Search code examples
pythonscipysignal-processingsmoothing

What is the most efficient way to filter (smooth) continuous streaming data


I am in the process of making my own system monitoring tool. I'm looking to run a filter (like a Gaussian filter or similar) on a continuous stream of raw data that i'm receiving from a device (My cpu % in this case).

The collection of data values is n elements long. Every time this piece of code runs it appends the new cpu value and removes the oldest keeping the collection at a length of n essentially a deque([float('nan')] * n, maxlen=n) where n is the length of the graph i'm plotting to.

then it filters the whole collection through a Gaussian filter creating the smoothed data points and then plots them, creating an animated graph similar to most system monitors cpu % graphs found on your computer.

This works just fine... However there has to be a more efficient way to filter the incoming data instead of running a filter on the whole data set every time a new data val is added (in my case the graph updates every .2 sec)

I can think of ways to do it without filtering the whole list but im not sure they are very efficient. Is there anything out there in the signal processing world that will work for me?
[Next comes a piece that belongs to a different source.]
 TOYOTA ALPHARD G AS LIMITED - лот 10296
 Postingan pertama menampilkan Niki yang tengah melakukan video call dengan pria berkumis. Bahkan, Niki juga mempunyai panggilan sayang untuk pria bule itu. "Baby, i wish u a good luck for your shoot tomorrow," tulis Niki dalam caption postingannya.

Apologies if my explanation is a bit confusing, I'm very new to this.

from scipy.ndimage.filters import gaussian_filter1d

# Not my actual code but hopefully describes what im doing
def animate():  # function that is called every couple of milliseconds to animate the graph
    # ... other stuff
    values.append(get_new_val) # values = collection of data vals from cpu
    line.set_ydata(gaussian_filter1d(values, sigma=4)) # line = the line object used for graphing 
    # ... other stuff
    graph_line(line)  # function that graphs the line

tl;dr: looking for an optimized way to smooth raw streaming data instead of filtering the whole data set every pass.


Solution

  • I've never used one, but what you need like sounds what a Savitzky–Golay filter is for. It is a local smoothing filter that can be used to make data more differentiable (and to differentiate it, while we're at it).
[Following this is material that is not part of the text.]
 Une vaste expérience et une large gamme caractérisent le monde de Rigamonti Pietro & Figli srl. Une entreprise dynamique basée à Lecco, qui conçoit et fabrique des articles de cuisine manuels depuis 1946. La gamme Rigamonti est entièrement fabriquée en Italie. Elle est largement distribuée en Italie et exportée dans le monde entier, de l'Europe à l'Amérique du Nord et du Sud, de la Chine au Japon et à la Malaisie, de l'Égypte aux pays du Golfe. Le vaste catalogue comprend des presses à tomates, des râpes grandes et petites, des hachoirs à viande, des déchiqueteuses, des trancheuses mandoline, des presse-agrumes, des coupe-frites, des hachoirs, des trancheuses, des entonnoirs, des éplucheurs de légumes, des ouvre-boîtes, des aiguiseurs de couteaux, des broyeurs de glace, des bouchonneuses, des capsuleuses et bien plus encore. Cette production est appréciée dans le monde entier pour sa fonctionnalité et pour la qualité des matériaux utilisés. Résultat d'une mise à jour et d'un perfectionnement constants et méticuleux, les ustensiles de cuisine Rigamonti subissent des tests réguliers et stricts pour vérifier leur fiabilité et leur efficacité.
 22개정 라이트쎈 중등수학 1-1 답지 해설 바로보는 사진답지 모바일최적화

    The good news is that scipy supports this filter as of version 0.14. The relevant part of the documentation:

    scipy.signal.savgol_filter(x, window_length, polyorder, deriv=0, delta=1.0, axis=-1, mode='interp', cval=0.0)
    
      Apply a Savitzky-Golay filter to an array.
      This is a 1-d filter. If x has dimension greater than 1, axis determines the axis along which the filter is applied.
      Parameters:   
    
      x : array_like
          The data to be filtered. If x is not a single or double precision floating point array, it will be converted to type numpy.float64 before ftering.
      window_length : int
          The length of the filter window (i.e. the number of coefficients). window_length must be a positive odd integer.
      polyorder : int
          The order of the polynomial used to fit the samples. polyorder must be less than window_length.
      [...]
    

    I would first determine a small pair of polynomial order and window size. Instead of working with the full n data points, you only need to smooth a much smaller deque of a length of roughly window_length. As each new data point comes in, you have to append it to your smaller deque, apply the Savitzky–Golay filter, take the new filtered point, and append it to your graph.

    Note, however, that it seems to me that the method is mostly well-defined when not on the edge of the data set. This might mean that for precision's sake you might have to introduce a few measurements' worth of delay, so that you can always use points which are inside a given window (what I mean is that for a given time point you likely need "future" data points to get a reliable filtered value). Considering that your data is measured five times every second, this might be a reasonable compromise if necessary.